Life Is Good (foaled 22 April 2018) is a multiple Grade I winning American Thoroughbred racehorse who won the 2021 Breeders' Cup Dirt Mile and 2022 Pegasus World Cup.

Background
Life Is Good is a bay colt that was bred in Kentucky by Gary and Mary West Stable. His sire is Into Mischief and his dam is Beach Walk who was sired by Distorted Humor.  Life Is Good is the second foal and second winner from his dam, and her only stakes winner. The dam also has a Blame filly and a Candy Ride (ARG) colt.

Life Is Good was a $525,000 purchase from the Paramount Sales consignment at the 2019 Keeneland September Yearling Sale by China Horse Club and Maverick Racing which is the buying arm of WinStar Farm.

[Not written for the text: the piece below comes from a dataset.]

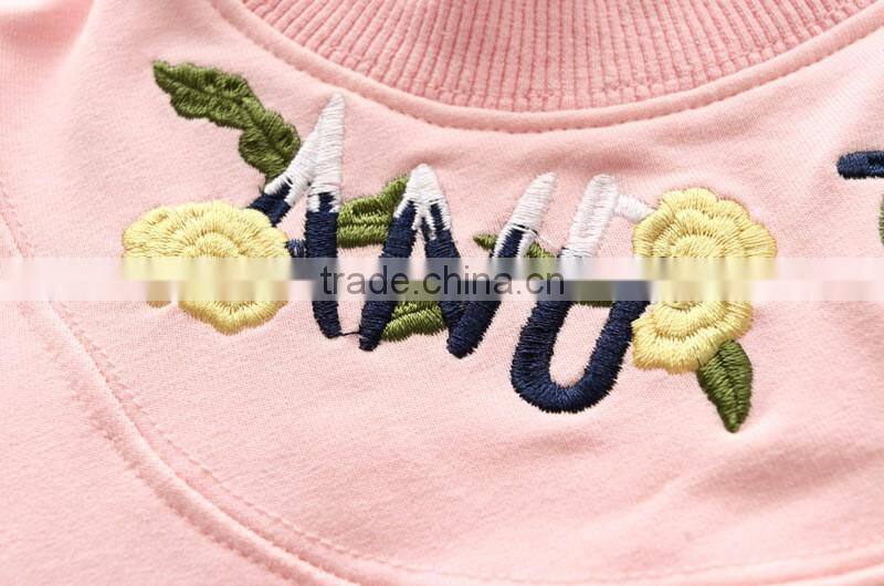 B22645A Autumn Sweet Girls Flower Embroidery Sweatshirts

Initially, in his first three starts Life Is Good was trained by Bob Baffert but in the midst of his three-year-old career was transferred to Todd A. Pletcher's barn.

Racing career

2020: Two-year-old season

Life Is Good began his career on November 22 at Del Mar Racetrack in a Maiden Special Weight for two-year-olds at six and 1/2 furlongs. Starting at very short odds of 1/5on against four other horses, Life Is Good jumped out alertly from the inside stall and immediately got the lead. He led throughout the race with jockey Mike Smith and drew off and was ridden out to the wire to win easily by  lengths in a time of 1:15.50.

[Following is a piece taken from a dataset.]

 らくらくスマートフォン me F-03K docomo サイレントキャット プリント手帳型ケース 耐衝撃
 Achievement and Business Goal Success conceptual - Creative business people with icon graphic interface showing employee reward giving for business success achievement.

2021: Three-year-old season
Life Is Good made his first start as a three-year-old in the Sham Stakes at Santa Anita Park on January 2. Installed as the 1/5 odds-on favorite in the five horse field, Life Is Good went to the early lead and set sensible fractions while maintaining an advantage of three to four lengths down the backstretch and into the stretch. Stablemate Medina Spirit, raced in second throughout, made a late run to close to within three-quarters of a length, with the third-place finisher 13 lengths further back. Jockey Mike E. Smith's commented, "It was his first time around two turns. He got away just a little slow, but he got up and of course he's naturally so quick, he was just up underneath himself. Just as we were heading for home, he was doing things all by himself so easy out there."

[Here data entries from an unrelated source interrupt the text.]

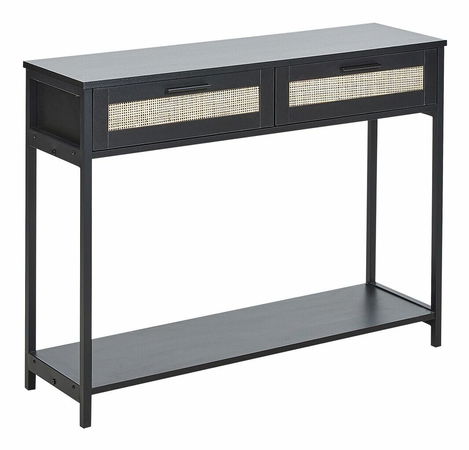 Tento konzolový stolek bude dokonalým doplňkem jakéhokoli prostoru, ať už jde o obývací pokoj, ložnici nebo předsíň. Dvě šuplíky nabízejí dostatečný úložný prostor na klíče, drobné doplňky, dokumenty či šperky. Tento kousek, podepřený robustníma nohama z kaučukového dřeva, ozdobený ratanovým výpletem a elegantními zlatými úchyty, bez problémů spojuje styl a funkčnost, čímž obohatí každý interiér.
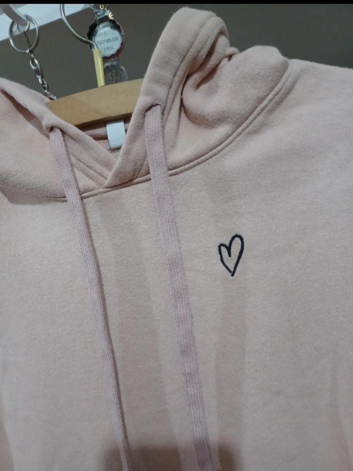 Krásná croptop mikina se srdíčkem, barva něco mezi meruňkovou a starorůžovou. Běžné známky praní, žmolky, oblíbená. Vel.XS, dcera měla při 158/164
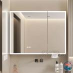 バスルームミラーキャビネット LEDライト付き 防霧機能 収納 浴室 鏡箱 壁掛け ウォールミラー|防水アルミフレーム スリム設計 多機能 シャワールーム 洗面化粧
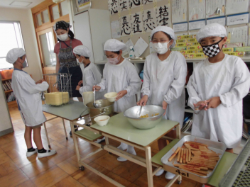 「さつまいもの素揚げ」は、さつまいもを油で揚げました。さつまいもを大きめに切り、ほくほく感が出るように工夫したそうです。さつまいもの甘みがいっぱい詰まっていて美味しかったです。
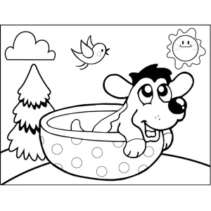 Dog in Spotted Bowl Printable Coloring Page, free to download and print. There is a spotted bowl on a hill containing a barking puppy in this printable puppy coloring page.
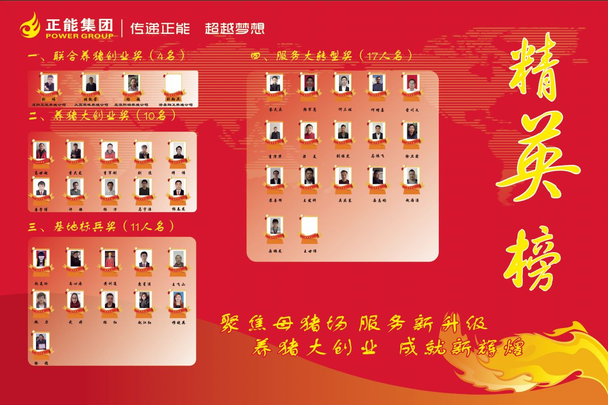 頒發(fā)了正能集團(tuán)2016年度“基地標(biāo)兵獎11人”、“養(yǎng)豬大創(chuàng)業(yè)獎10人”、“服務(wù)大轉(zhuǎn)型獎17人”、“聯(lián)合養(yǎng)豬創(chuàng)業(yè)獎4人”、創(chuàng)業(yè)英雄團(tuán)隊(duì)獎13個。個人獎項(xiàng)共計(jì)42個,每位獲獎英雄頒發(fā)了由正能集團(tuán)精心打造的100g純銀銀質(zhì)英雄獎?wù)乱幻。團(tuán)隊(duì)獎13個,頒發(fā)了創(chuàng)業(yè)英雄團(tuán)隊(duì)獎牌并給予2000元活動基金獎勵。

Life Is Good made his next start in the San Felipe Stakes on March 6. Again Life Is Good was the favorite at 1/2, and he went to the early lead and was never challenged although drifting in the stretch run, winning by eight lengths over Medina Spirit, with Dream Shake third. After the race trainer Bob Baffert said,  "He's still green. They do all that weaving one race … they're still babies. They're still immature. The main thing is he came out of it really well. We saw a lot of raw talent yesterday." After the event Life Is Good had collected 60 qualification points for the Road to the Kentucky Derby and sitting second in the standings.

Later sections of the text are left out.